Goncharov - or rather, the spirit and the moment in time that it represents - wasn’t “forgotten.” It was buried. First under a racist, homophobic/transphobic backlash, then by the malignancy of Reaganism and the AIDS virus that Reagan and his policies enabled to spread and kill thousands. Under the sneering condescension and bigotry of the people who want this spirit to stay buried.
But this spirit is unkillable. Tumblr just gave this spirit a name: Goncharov.
This same spirit is in Andor, to a point - because Queer culture is being actively repressed by the usual bigots and fascists, and Star Wars in general has a running theme of resisting oppression, and it is firmly anchored to its 1970s roots despite taking place “a long time ago, in a galaxy far, far away.” Spoiler warning for the Andor season finale: but it was impossible for me to see the scenes of rebellion and not flash back on this recent tweet from Dan Savage in the wake of the Club Q shooting:
(“Out of the bars, into the streets!”)
One of the things I think about all the time is what would have been if the right wing bigoted backlash had been turned back, and how things might be different if Reaganism and the AIDS crisis had never happened. What our culture might have become. How much further ahead we might be than we are now.

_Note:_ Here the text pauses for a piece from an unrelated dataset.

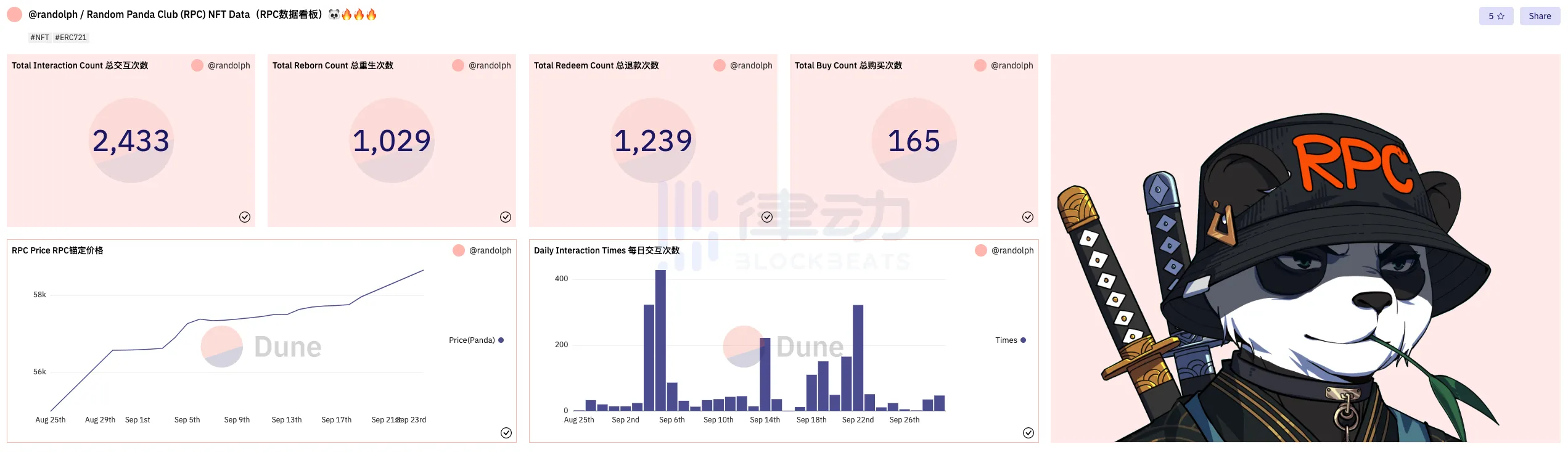 经过几个月的开发,RPC 与回购合约在 8 月中旬一同推出。协议交互数据非常不错,锚定价格从 50,000PANDA 上涨至 58,000 PANDA,增长了约 20%。

We’re still facing that same toxic right wing backlash right now, but it’s our duty to resist and survive however we can, hoping that this time we might turn the tide.
Stonewall lives. Disco lives. Goncharov lives. Long live the Rebellion.
obviously the homoeroticism talked about in ‘goncharov analysis posts’ had to remain subtext to make it a concievable product of the 1970s but i think its funny that this means even when tumblr makes up a fake movie to obsess over it still isnt canonically gay
Mo and Lois discuss Katya and Sofia’s relationship after catching a rescreening of Goncharov at the local indie theater - Dykes to Watch Out For, May 22, 1991
Just saw someone reblog some Goncharov post tagged #unreality and hoo boy, are the people who wanted warning tags for that stuff probably having a suddenly weird week on here
i know i’m going to get called a pretentious filmbro for this and i’m not trying to start discourse or anything but i hate the way mainstream audiences discuss world cinema. like it’s so clear that most of you wouldn’t care about anything made outside of the hollywood studio system if there wasn’t a big name attached. i get that the real problem is with traditional models of film distribution and i probably shouldn’t blame people on tumblr specifically but it’s hard not to when everyone on here seems to just automatically assume that martin scorsese directed goncharov and they don’t even bother to credit matteo jwhj0715
i got these knockoff boots online and instead of the brand name on the tag they have the name of an apparently nonexistent martin scorsese movie??? what the fuck
I FIGURED OUT WHAT THIS IS SUPPOSED TO BE
After searching in depth on every possible term on these shoes, I ended up in the filmography of Italian producer Domenico Procacci, leading me to the film Gomorrah, which I noticed KINDA looks like Goncharov. So I did some digging into Gomorrah and it’s about the Naples mafia… which finally led me to finding this image
Martin Scorsese is on it because he lended his name to it to boost its reception in the US
This post has haunted me for so long I’m so glad I figured this out
A computer “read” the Gomorrah poster in the same way that, say, @nostalgebraist-autoresponder can “read” a meme you send her. and just like how sometimes Frank badly misreads the text in a meme you send and goes off on a tangent about cats or something, the computer that did the OCR for the boots misread Gomorrah.
And so we get Goncharov, the greatest movie never made.
I have no idea why the knockoff boot company decided to make boots centered around the poster for Gomorrah, but here we are.